Now, an long division we have,
\[x+1\overset{{{x}^{2}}-2x-8}{\overline{\left){\begin{align}
  & {{x}^{3}}-{{x}^{2}}-10x-8 \\
 & \underline{\begin{align}
  & {{x}^{3}}+{{x}^{2}} \\
 & -\ \ \ - \\
\end{align}} \\
 & \ \ \ \ \ \ -2{{x}^{2}}-10x \\
 & \ \ \ \ \ \ \,\underline{\begin{align}
  & -2{{x}^{2}}-2x \\
 & +\ \ \ \ \ \ + \\
\end{align}} \\
 & \ \ \ \ \ \ \ \ \ \ \ \ \ \ \ -8x-8 \\
 & \ \ \ \ \ \ \ \ \ \ \ \ \ \ \ \underline{-8x-8} \\
 & \ \ \ \ \ \ \ \ \ \ \ \ \ \ \ \ \ \ \ \ \ \ \ 0 \\
\end{align}}\right.}}\]
So, we have,
$\begin{align}
  & g\left( x \right)=\left( x+1 \right)\left( {{x}^{2}}-2x-8 \right) \\
 & =\left( x+1 \right)\left( {{x}^{2}}-4x+2x-8 \right) \\
 & =\left( x+1 \right)\left( x\left( x-4 \right)+2\left( x-4 \right) \right) \\
 & g\left( x \right)=\left( x+1 \right)\left( x+2 \right)\left( x-4 \right) \\
\end{align}$
Now, we know that LCM is the least divisible by both $f\left( x \right)$ and $g\left( x \right)$. Therefore, the LCM will have the highest power of all factors in $f\left( x \right)$ and $g\left( x \right)$.

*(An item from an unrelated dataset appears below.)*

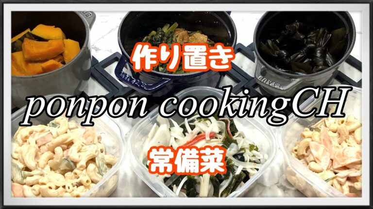 【作り置き常備菜】南瓜煮・小松菜と油揚げの胡麻酢蒸し・昆布煮・マカロニサラダ・新玉ねぎの酢の物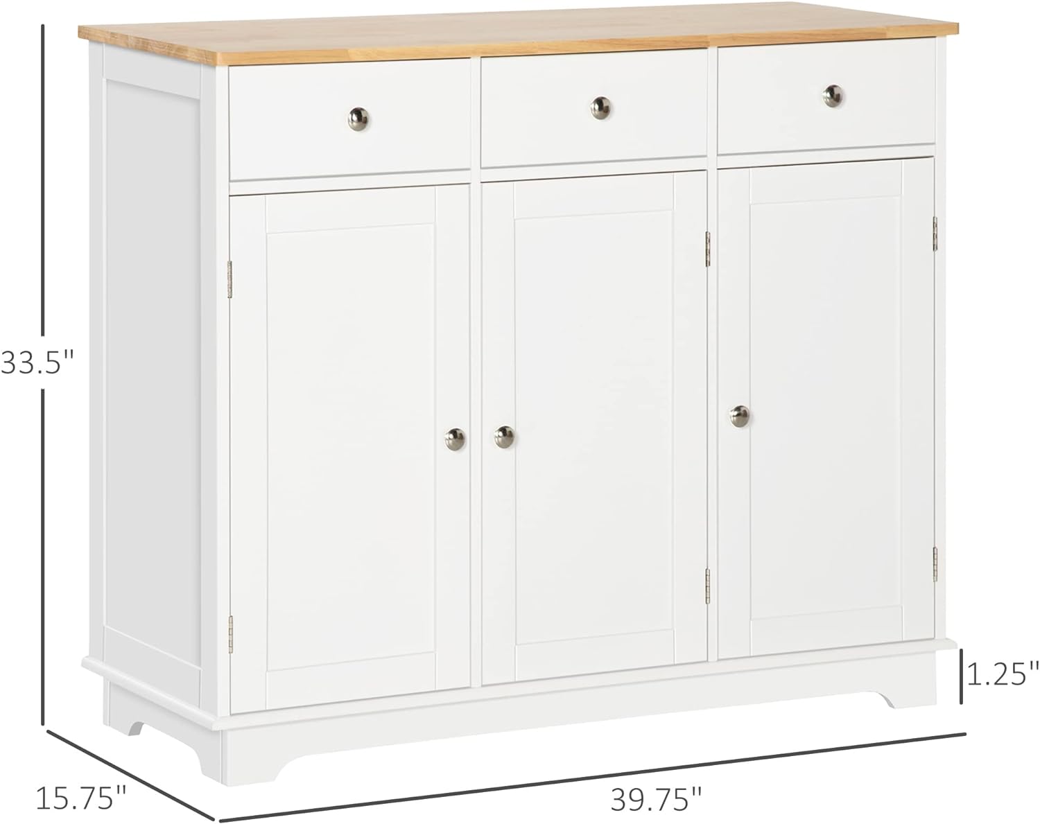 HOMCOM Sideboard with Solid Wood Countertop, Modern Kitchen Storage Cabinet, Coffee Bar Cabinet with 3 Drawers, Doors and Adjustable Shelf, White

$LCM\left( f\left( x \right),g\left( x \right) \right)=\left( x+1 \right)\left( x+2 \right)\left( x-4 \right)\left( x-5 \right)$

Note: To solve these types of questions it is important to note the way we have factorized the cubic equation. Also, it is important to note that the LCM has all the factors of both the numbers and if some factors are common then we take the highest power in both of the factors.